Spans give you causality:

which tool call caused a failure
which step blew the budget
which upstream dependency was slow

With OpenTelemetry, you can emit traces and metrics using the same SDK approach. [1][4]

Metrics that matter

Tool health metrics

tool_calls_total{tool,status}
tool_latency_ms_bucket{tool}
tool_timeouts_total{tool}
tool_retries_total{tool}

Agent run health metrics

agent_runs_total{status}
agent_run_latency_ms_bucket{agent}
agent_steps_total_bucket{agent}

Cost metrics (treat cost like reliability)

llm_tokens_total{model,type=prompt|completion}
llm_cost_usd_total{model}
run_cost_usd_bucket{agent}

Policy metrics

policy_denied_total{rule_id}
danger_tool_attempt_total{tool}

Semantic conventions help your metrics stay queryable and consistent across systems. OpenTelemetry documents semantic conventions for HTTP spans/metrics, for example. [3][5]

Logs and redaction

Logs should add human context, not become a data lake of secrets.

Rules I like:

Do not log prompts by default.
Do not log tool payloads by default.
Log summaries and hashes:
goal_hash, plan_hash, tool_args_hash
Log structured error reasons:
validation_error, upstream_rate_limited, auth_failed, policy_denied

For agent systems, OWASP highlights sensitive information disclosure and insecure output handling.
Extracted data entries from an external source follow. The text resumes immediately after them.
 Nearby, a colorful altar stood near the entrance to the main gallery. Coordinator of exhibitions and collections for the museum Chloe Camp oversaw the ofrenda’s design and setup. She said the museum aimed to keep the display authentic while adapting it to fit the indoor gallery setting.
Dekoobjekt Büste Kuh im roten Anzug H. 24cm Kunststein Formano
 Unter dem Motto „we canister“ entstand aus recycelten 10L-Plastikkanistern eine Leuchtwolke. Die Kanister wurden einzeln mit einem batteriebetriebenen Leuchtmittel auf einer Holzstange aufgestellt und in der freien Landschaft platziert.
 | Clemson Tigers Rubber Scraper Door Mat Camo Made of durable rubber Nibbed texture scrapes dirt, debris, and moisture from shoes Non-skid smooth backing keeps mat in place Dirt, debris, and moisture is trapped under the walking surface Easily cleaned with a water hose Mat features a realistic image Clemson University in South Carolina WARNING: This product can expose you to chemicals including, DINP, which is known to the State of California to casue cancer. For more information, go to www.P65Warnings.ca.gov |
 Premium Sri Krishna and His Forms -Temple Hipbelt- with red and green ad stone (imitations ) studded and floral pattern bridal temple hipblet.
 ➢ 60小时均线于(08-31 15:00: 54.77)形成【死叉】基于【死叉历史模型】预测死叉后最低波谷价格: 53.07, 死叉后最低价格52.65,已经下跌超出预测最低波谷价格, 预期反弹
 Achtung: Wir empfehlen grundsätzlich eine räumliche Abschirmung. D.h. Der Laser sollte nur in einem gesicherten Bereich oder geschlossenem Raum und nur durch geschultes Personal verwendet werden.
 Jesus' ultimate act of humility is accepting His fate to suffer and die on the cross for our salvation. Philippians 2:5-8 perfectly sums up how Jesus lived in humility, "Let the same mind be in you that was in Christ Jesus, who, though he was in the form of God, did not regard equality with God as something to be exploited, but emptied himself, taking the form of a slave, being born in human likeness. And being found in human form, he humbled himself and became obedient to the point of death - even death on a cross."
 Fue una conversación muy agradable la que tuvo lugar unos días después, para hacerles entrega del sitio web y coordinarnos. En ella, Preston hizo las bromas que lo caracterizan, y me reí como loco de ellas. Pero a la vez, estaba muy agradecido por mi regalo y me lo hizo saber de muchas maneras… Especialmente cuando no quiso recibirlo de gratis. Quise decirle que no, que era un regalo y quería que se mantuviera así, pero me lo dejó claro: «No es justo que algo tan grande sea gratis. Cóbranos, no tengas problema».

Logging is one of the easiest ways to accidentally create both. [7]

“Debug mode” that isn’t dangerous

If you must support deeper logs:

only enable per tenant/user for a limited window
auto-expire
redact aggressively
never store raw secrets

Audit events vs debug logs

Treat them as different products:

Audit events (for governance)

immutable-ish records of side effects
minimal sensitive data
always on
long retention

Example audit fields:

who: tenant/user/client
what: tool + action class (create/update/delete)
when: timestamp
where: environment
result: success/failure
resource IDs (safe identifiers)
idempotency keys / plan IDs

Debug logs (for engineers)

short retention
more context
highly controlled access

Mixing these two is how you end up with “SharePoint logs full of PII” and no one wants to touch them.

Dashboards and alerts

Dashboards (start simple)

Tool reliability

top tools by error rate
top tools by p95 latency
timeouts per tool

Agent success

success rate by agent type
“stuck runs” (runs exceeding max duration)
average steps per run

Cost

cost per run
cost per tenant
top drivers (which tools/model calls)

Alerts (avoid noise)

Alert on what is actionable:

tool error rate spikes for critical tools
tool latency p95 spikes beyond SLO
budget exceeded spike (runaway behavior)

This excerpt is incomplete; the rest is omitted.